Gravity Modeling to Predict Patient Choice of Hospital for Pancreaticoduodenectomy

Ann Surg Oncol. 2026 Mar 18. doi: 10.1245/s10434-026-19450-2. Online ahead of print.

Abstract

Background: Prior studies simulating how regionalization of complex surgeries such as pancreatoduodenectomy (PD) would affect access to care assumed that patients travel to their closest hospital. The validity of this assumption had not been evaluated. Our objectives were to assess the accuracy of a distance-only model in predicting where a patient received PD and determine whether incorporating hospital characteristics improved accuracy.

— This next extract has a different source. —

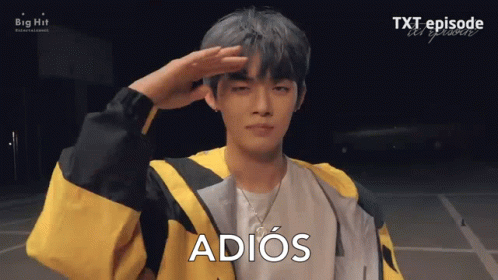 TXT member Yeonjun waves goodbye and says 'Adios' in a yellow and black jacket.

Methods: Data on patients undergoing PD from 2016 to 2017 in New York or Florida were obtained from the Statewide Inpatient Databases. We assessed three models: distance alone (model 1), distance and hospital volume (model 2), and distance, hospital volume, rurality, cancer accreditation, medical school affiliation, and centralization taxonomy of the health system (model 3). Model accuracy was determined by comparing the predicted hospital and the actual hospital where the patient received care.

Results: Among the 2949 included patients, model 1 was accurate for only 16.3%; model 2 was accurate for 32.9%, and model 3 was accurate for 24.3%. Patients who were accurately classified with models 2 or 3 but not 1 were more likely to live in major metropolitan areas (74.7% vs. 61.0%, p < 0.001), more likely to be non-Hispanic white (71.3% vs. 68.3%, p = 0.04), more likely to have private insurance (35.0% vs. 27.8%, p < 0.001), and had lower in-hospital mortality (1.3% vs. 3.3%, p = 0.03).

Conclusions: Distance-only models were largely inaccurate for predicting where patients received PD. Simulations of patient redistribution should incorporate volume, distance, and additional patient- and provider-level factors.